Extracted information
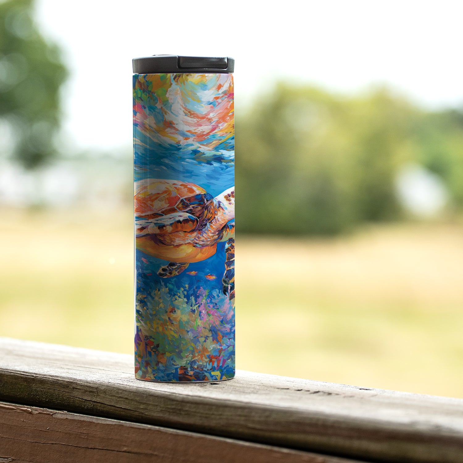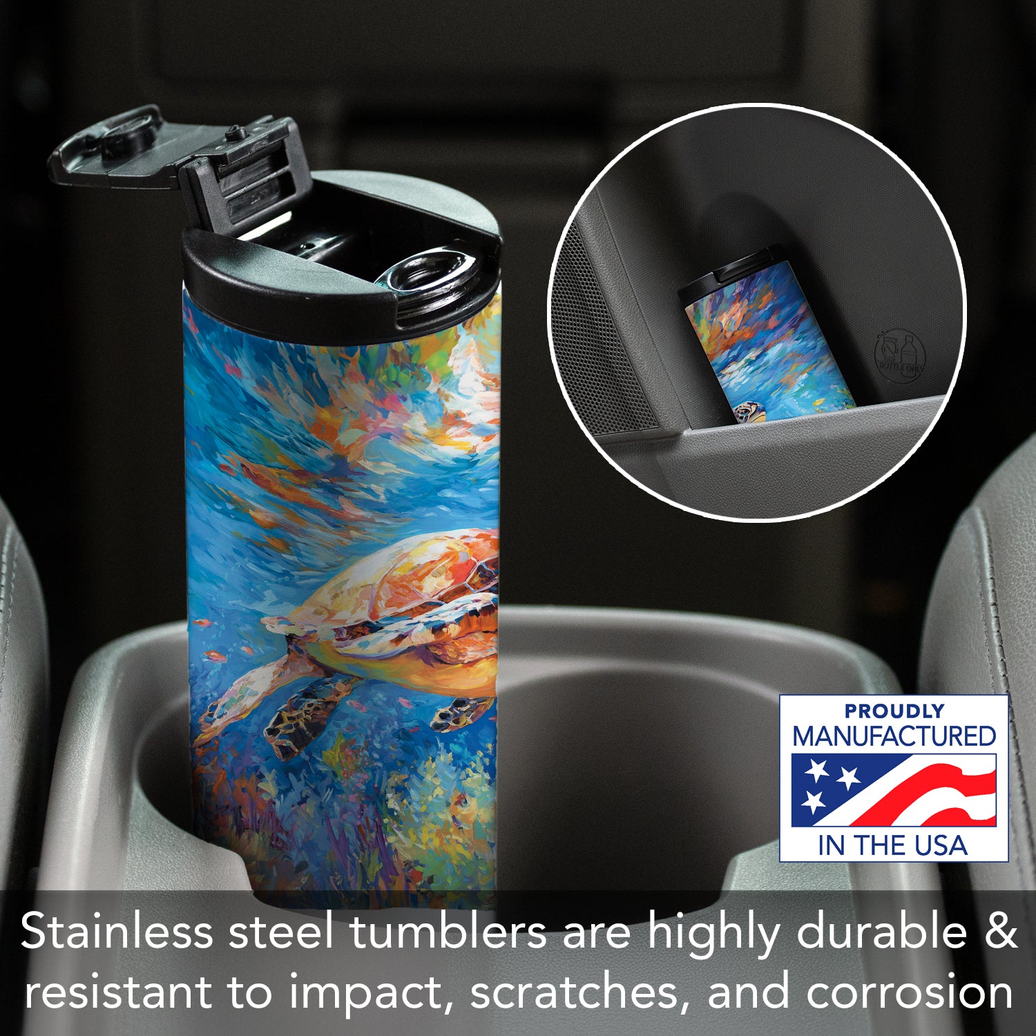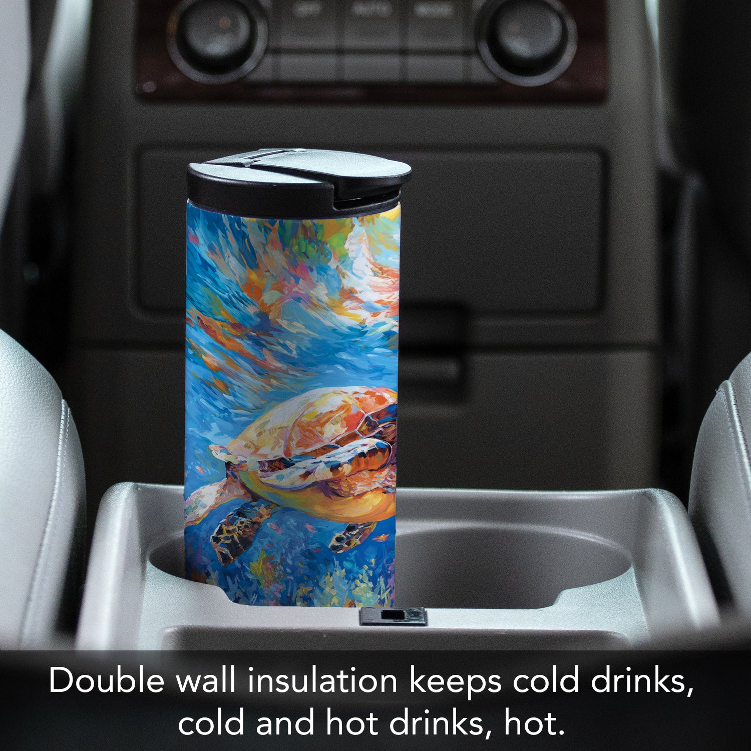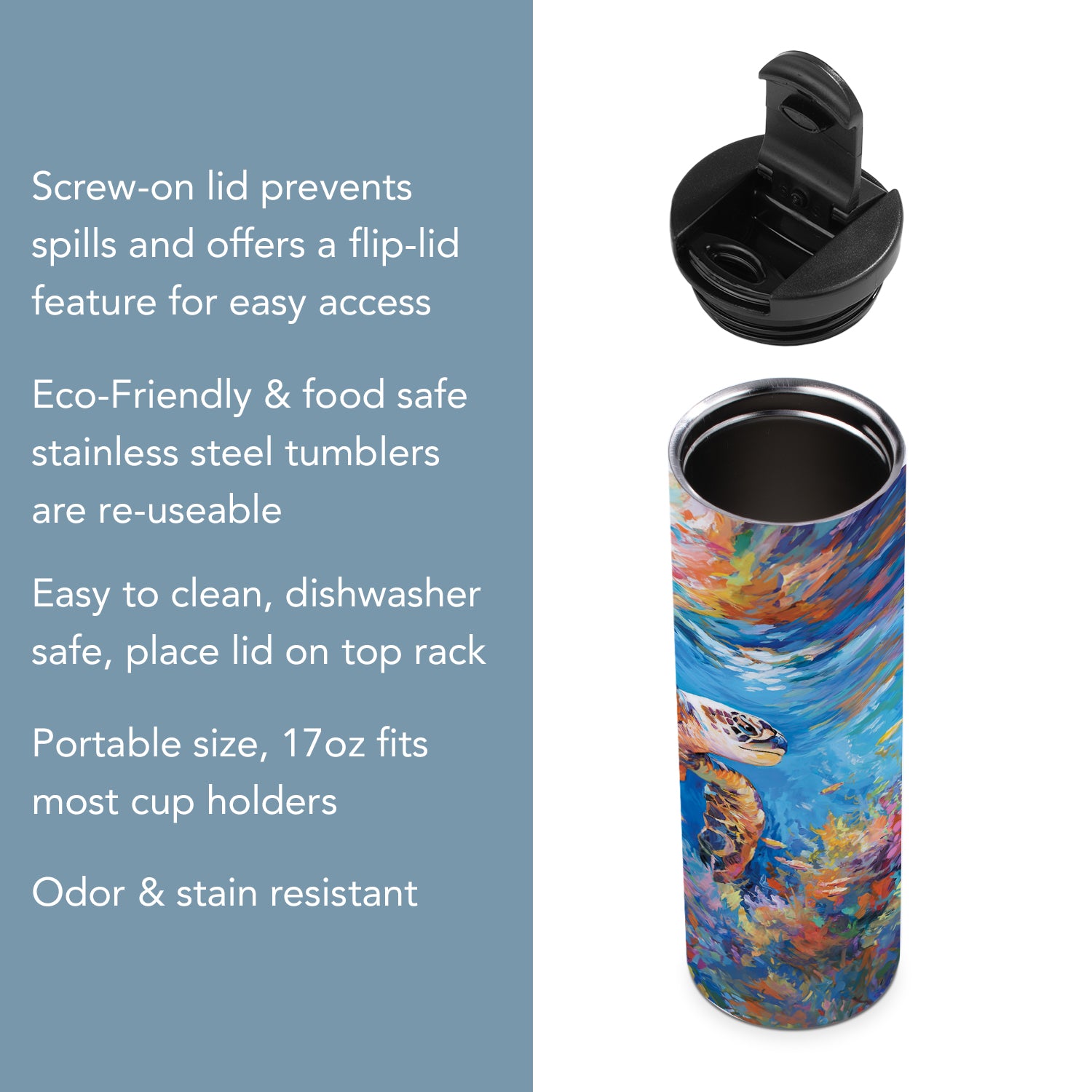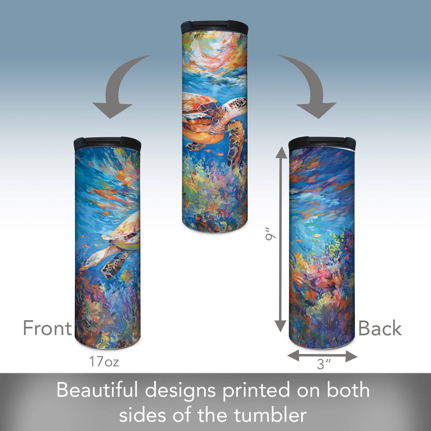 Bright Sea Turtle Decorative Stainless Steel Double Wall Insulated Travel Tumbler with Lid 17 oz.
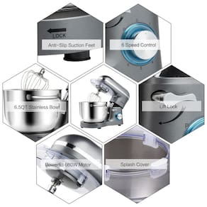 DESIGN DE CABEÇA INCLINADA E EXTERIOR O misturador de design de cabeça inclinada permite o acesso para instalar ou desinstalar tigela e acessórios facilmente. O misturador tem um cinto de decoração de aço inoxidável e luz LED azul como indicador de energia. Com certeza um dos melhores eletrodomésticos da sua cozinha..
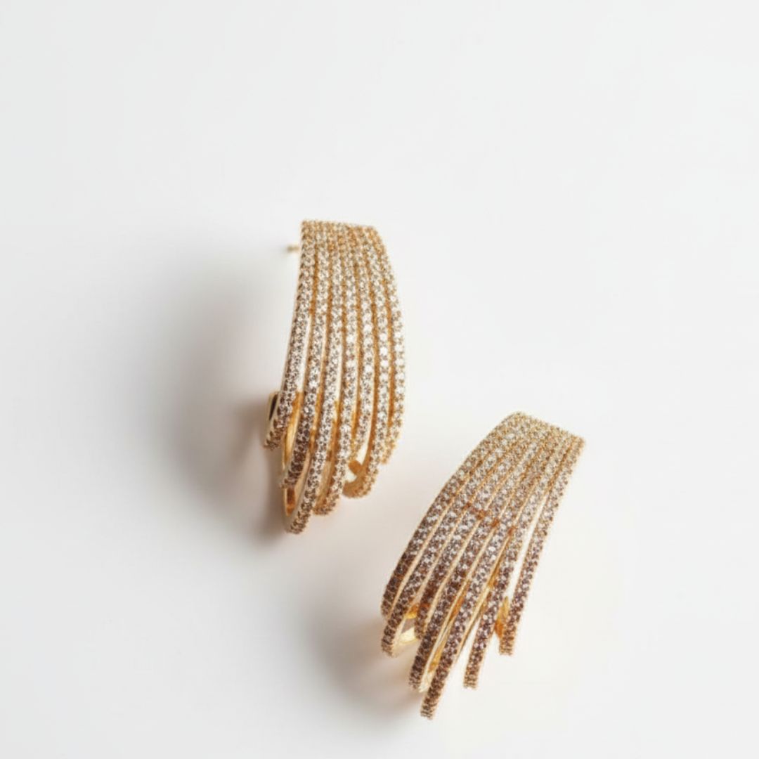 O Brinco Meia Argola 7 Voltas é a reinvenção de um clássico. Com um design inovador e impactante, essa peça é construída com sete delicadas voltas que criam um efeito visual de textura e movimento. É a escolha ideal para quem quer um brinco que seja, ao mesmo tempo, moderno, elegante e com presença. É uma peça única, perfeita para elevar o seu visual de forma instantânea.
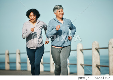 Fitness, running and senior women at beach for health, wellness and exercise in nature together. Elderly, friends and ladies at sea happy, workout and active retirement, fun and bonding ocean run
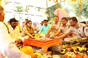 विजयादशमी पर्व के पावन अवसर पर पुलिस लाइन परिसर डिण्डौरी में पारंपरिक रूप से शस्त्र पूजन कार्यक्रम का आयोजन किया गया। इस अवसर पर माँ दुर्गा की प्रतिमा की पूजा-अर्चना कर शस्त्रों का तिलक एवं हवन-पूजन विधिविधान से संपन्न किया गया। कार्यक्रम में जिले की सुख-शांति एवं अमन-चैन की कामना की गई। इस अवसर पर माननीय विधायक  ओमप्रकाश धुर्वे, पुलिस अधीक्षक  वाहनी सिंह, अतिरिक्त पुलिस अधीक्षक डॉ. अमित वर्मा, एसडीओपी  सतीष द्विवेदी, जनप्रतिनिधि श्री पुरुषोत्तम मरावी,  विवेक गौतम, थाना प्रभारी कोतवाली दुर्गा प्रसाद नगपुरे, यातायात प्रभारी  सुभाष उइके, रक्षित निरीक्षक  कुवंर सिंह ओलाड़ी सहित अन्य अधिकारी/कर्मचारी बड़ी संख्या में उपस्थित रहे। पूजन उपरांत पुलिस अधीक्षक  वाहनी सिंह एवं जनप्रतिनिधियों ने उपस्थित सभी पुलिस बल के जवानों को विजयादशमी पर्व की शुभकामनाएँ दीं। उन्होंने कहा कि यह पर्व सत्य की असत्य पर विजय तथा धर्म की अधर्म पर विजय का प्रतीक है। उन्होंने जवानों से अपेक्षा की कि वे सदैव कर्तव्यनिष्ठा, अनुशासन एवं जनसेवा की भावना से कार्य करते हुए जिले की कानून-व्यवस्था को सुदृढ़ बनाए रखें। माननीय विधायक ओमप्रकाश धुर्वे ने भी विजयादशमी पर्व की शुभकामनाएँ देते हुए कहा कि यह पर्व हमें समाज में भाईचारा, आपसी सौहार्द और सत्य के मार्ग पर चलने की प्रेरणा देता है। उन्होंने पुलिस बल के कार्यों की सराहना करते हुए आमजन की सुरक्षा और शांति व्यवस्था बनाए रखने में निरंतर तत्पर रहने की अपील की। कार्यक्रम के अंत में प्रसाद वितरण कर शस्त्र पूजन समारोह सौहार्दपूर्ण एवं श्रद्धामय वातावरण में सम्पन्न हुआ। इसी क्रम में जिले के सभी पुलिस थानों एवं चौकियों में भी शस्त्र पूजन का आयोजन थाना एवं चौकी प्रभारियों द्वारा किया गया।
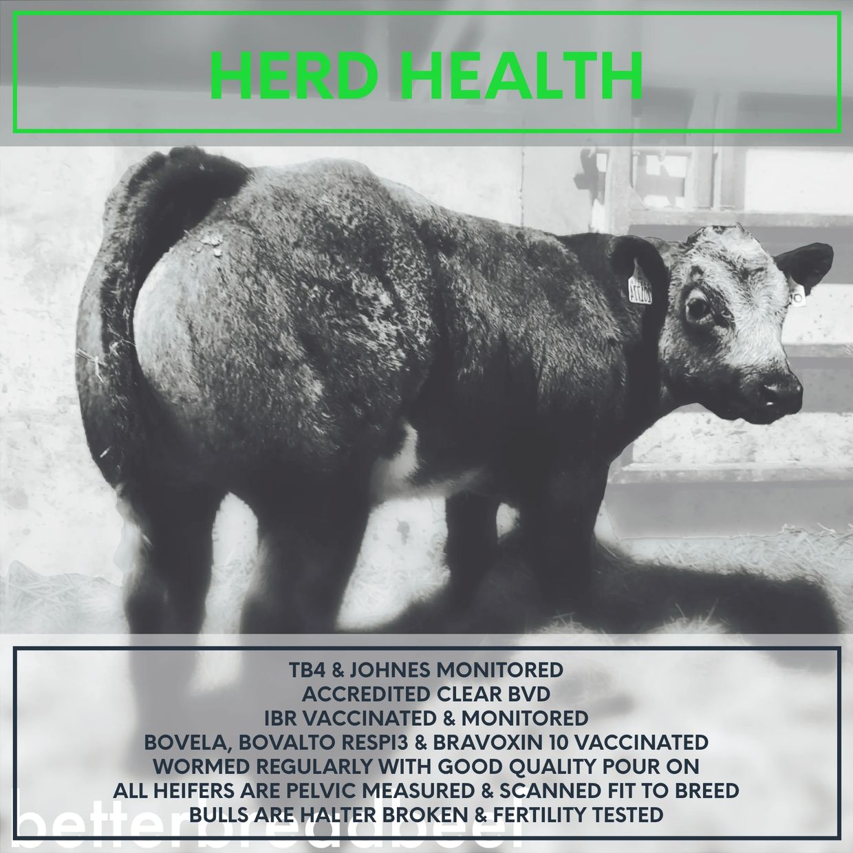 TB4, IBR marker vaccinated, BVD accredited vaccinated, Johnes screened, Bravoxin 10 system, Grazing outdoors, Electric fence trained, Halter trained, Semen tested, Ready to go!
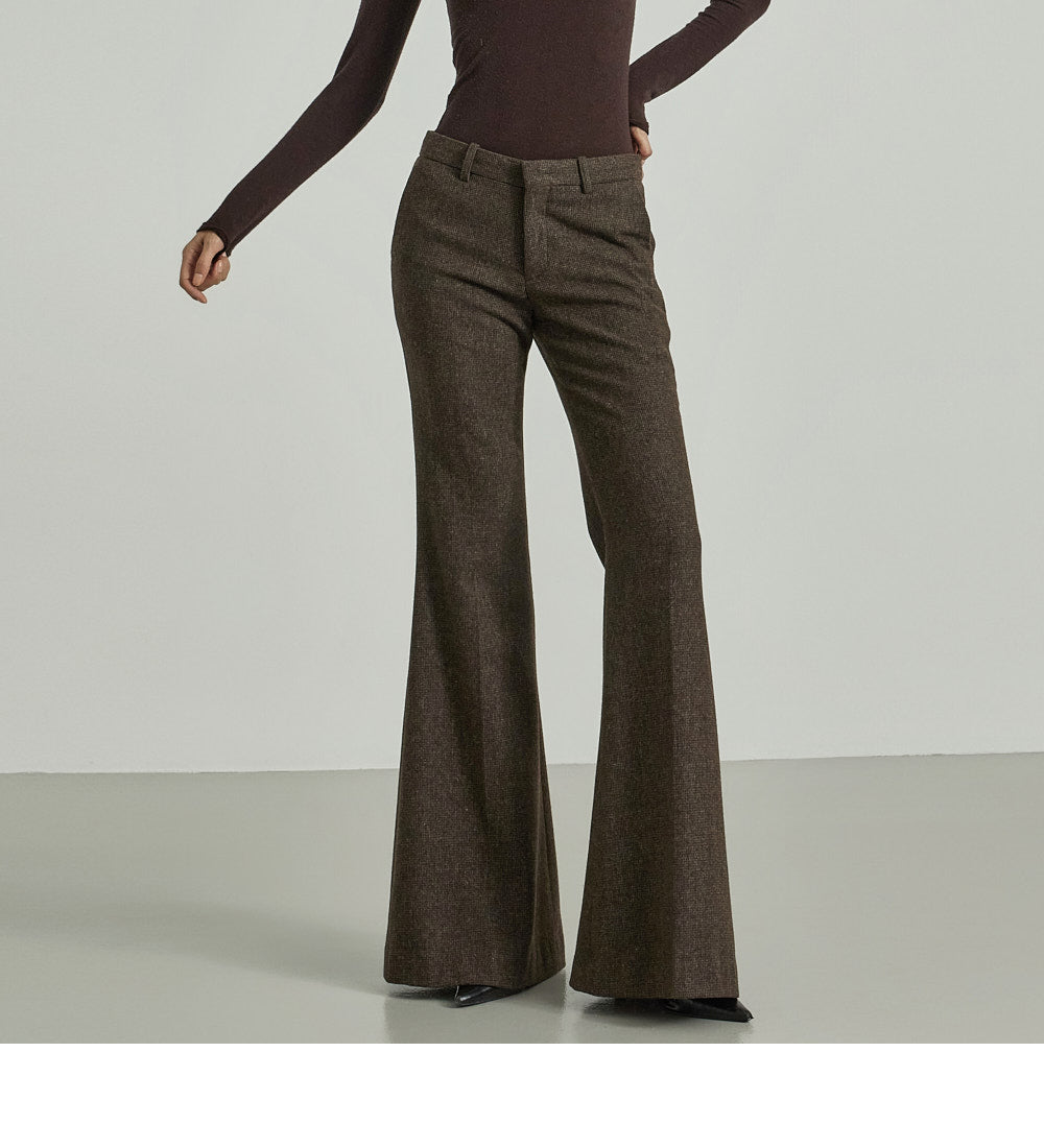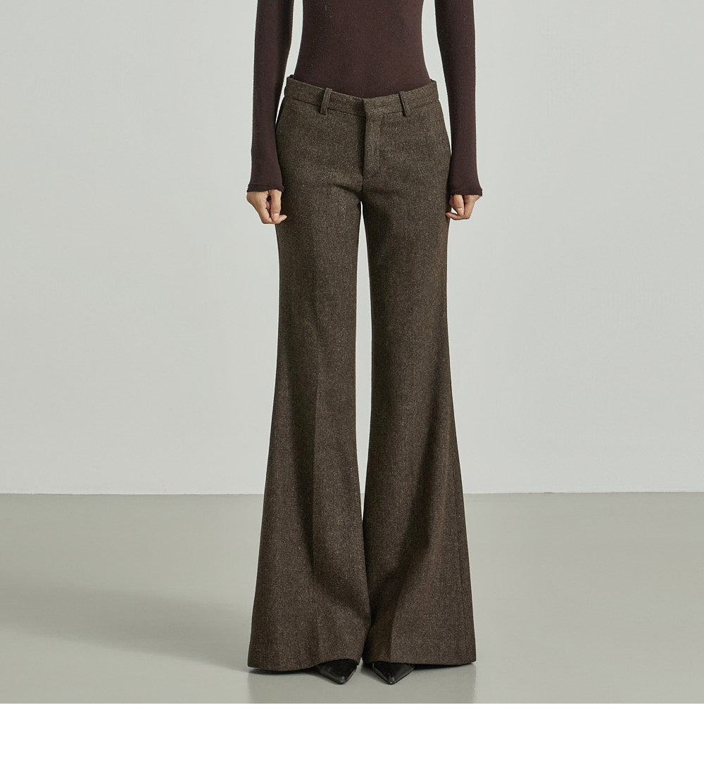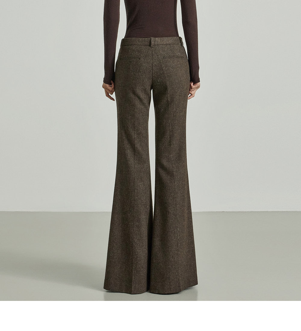 The pants feature a low-rise design with a sophisticated bootcut silhouette,
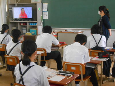 【授業参観】3年1組「社会」人種差別の内容の映像を真剣に見ていました。
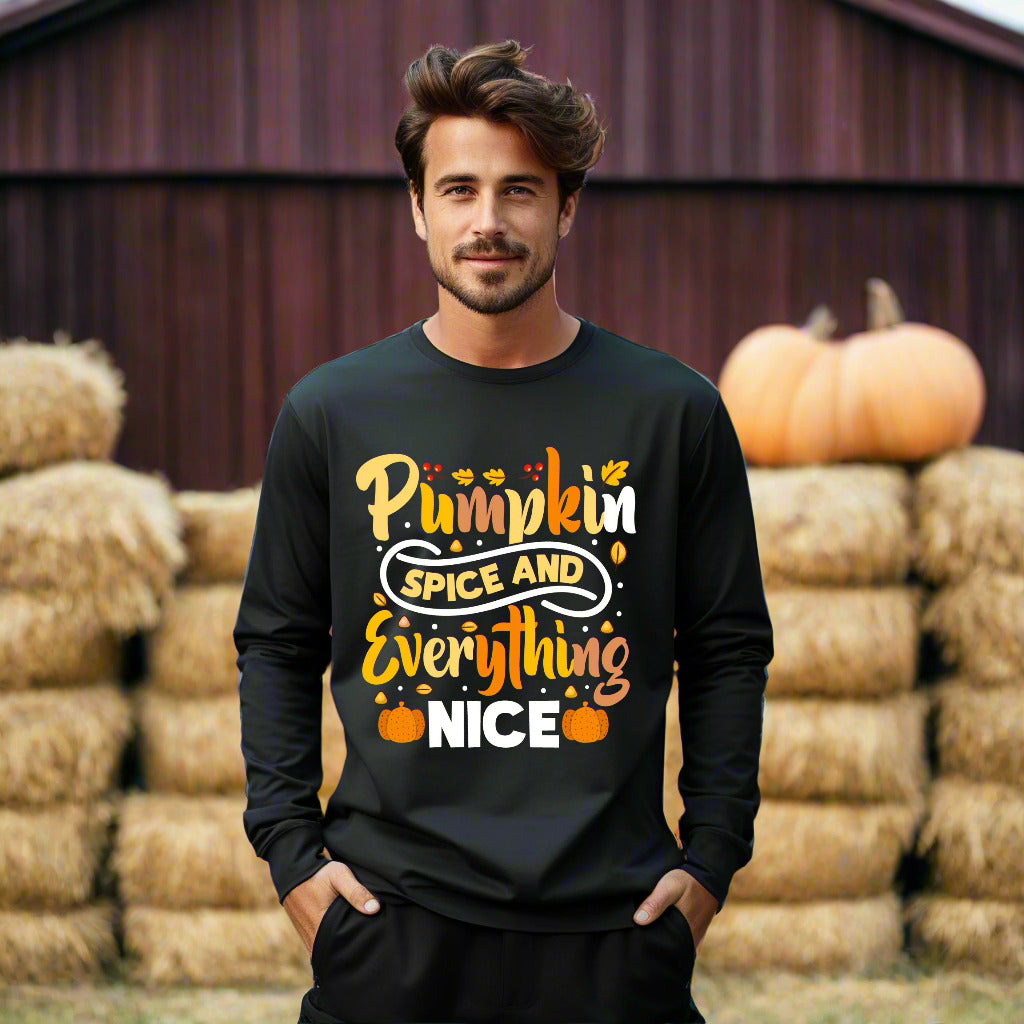 Pumpkin Spice and Everything Nice T-Shirt – Cute Fall Autumn Graphic Tee for Pumpkin Lovers Long Sleeve Tee

The problem
Print the entire listing precisely as written, omitting the images it holds.

Exercise result
 Bright Sea Turtle Decorative Stainless Steel Double Wall Insulated Travel Tumbler with Lid 17 oz.
 DESIGN DE CABEÇA INCLINADA E EXTERIOR O misturador de design de cabeça inclinada permite o acesso para instalar ou desinstalar tigela e acessórios facilmente. O misturador tem um cinto de decoração de aço inoxidável e luz LED azul como indicador de energia. Com certeza um dos melhores eletrodomésticos da sua cozinha..
 O Brinco Meia Argola 7 Voltas é a reinvenção de um clássico. Com um design inovador e impactante, essa peça é construída com sete delicadas voltas que criam um efeito visual de textura e movimento. É a escolha ideal para quem quer um brinco que seja, ao mesmo tempo, moderno, elegante e com presença. É uma peça única, perfeita para elevar o seu visual de forma instantânea.
 Fitness, running and senior women at beach for health, wellness and exercise in nature together. Elderly, friends and ladies at sea happy, workout and active retirement, fun and bonding ocean run
 विजयादशमी पर्व के पावन अवसर पर पुलिस लाइन परिसर डिण्डौरी में पारंपरिक रूप से शस्त्र पूजन कार्यक्रम का आयोजन किया गया। इस अवसर पर माँ दुर्गा की प्रतिमा की पूजा-अर्चना कर शस्त्रों का तिलक एवं हवन-पूजन विधिविधान से संपन्न किया गया। कार्यक्रम में जिले की सुख-शांति एवं अमन-चैन की कामना की गई। इस अवसर पर माननीय विधायक  ओमप्रकाश धुर्वे, पुलिस अधीक्षक  वाहनी सिंह, अतिरिक्त पुलिस अधीक्षक डॉ. अमित वर्मा, एसडीओपी  सतीष द्विवेदी, जनप्रतिनिधि श्री पुरुषोत्तम मरावी,  विवेक गौतम, थाना प्रभारी कोतवाली दुर्गा प्रसाद नगपुरे, यातायात प्रभारी  सुभाष उइके, रक्षित निरीक्षक  कुवंर सिंह ओलाड़ी सहित अन्य अधिकारी/कर्मचारी बड़ी संख्या में उपस्थित रहे। पूजन उपरांत पुलिस अधीक्षक  वाहनी सिंह एवं जनप्रतिनिधियों ने उपस्थित सभी पुलिस बल के जवानों को विजयादशमी पर्व की शुभकामनाएँ दीं। उन्होंने कहा कि यह पर्व सत्य की असत्य पर विजय तथा धर्म की अधर्म पर विजय का प्रतीक है। उन्होंने जवानों से अपेक्षा की कि वे सदैव कर्तव्यनिष्ठा, अनुशासन एवं जनसेवा की भावना से कार्य करते हुए जिले की कानून-व्यवस्था को सुदृढ़ बनाए रखें। माननीय विधायक ओमप्रकाश धुर्वे ने भी विजयादशमी पर्व की शुभकामनाएँ देते हुए कहा कि यह पर्व हमें समाज में भाईचारा, आपसी सौहार्द और सत्य के मार्ग पर चलने की प्रेरणा देता है। उन्होंने पुलिस बल के कार्यों की सराहना करते हुए आमजन की सुरक्षा और शांति व्यवस्था बनाए रखने में निरंतर तत्पर रहने की अपील की। कार्यक्रम के अंत में प्रसाद वितरण कर शस्त्र पूजन समारोह सौहार्दपूर्ण एवं श्रद्धामय वातावरण में सम्पन्न हुआ। इसी क्रम में जिले के सभी पुलिस थानों एवं चौकियों में भी शस्त्र पूजन का आयोजन थाना एवं चौकी प्रभारियों द्वारा किया गया।
 TB4, IBR marker vaccinated, BVD accredited vaccinated, Johnes screened, Bravoxin 10 system, Grazing outdoors, Electric fence trained, Halter trained, Semen tested, Ready to go!
 The pants feature a low-rise design with a sophisticated bootcut silhouette,
 【授業参観】3年1組「社会」人種差別の内容の映像を真剣に見ていました。
 Pumpkin Spice and Everything Nice T-Shirt – Cute Fall Autumn Graphic Tee for Pumpkin Lovers Long Sleeve Tee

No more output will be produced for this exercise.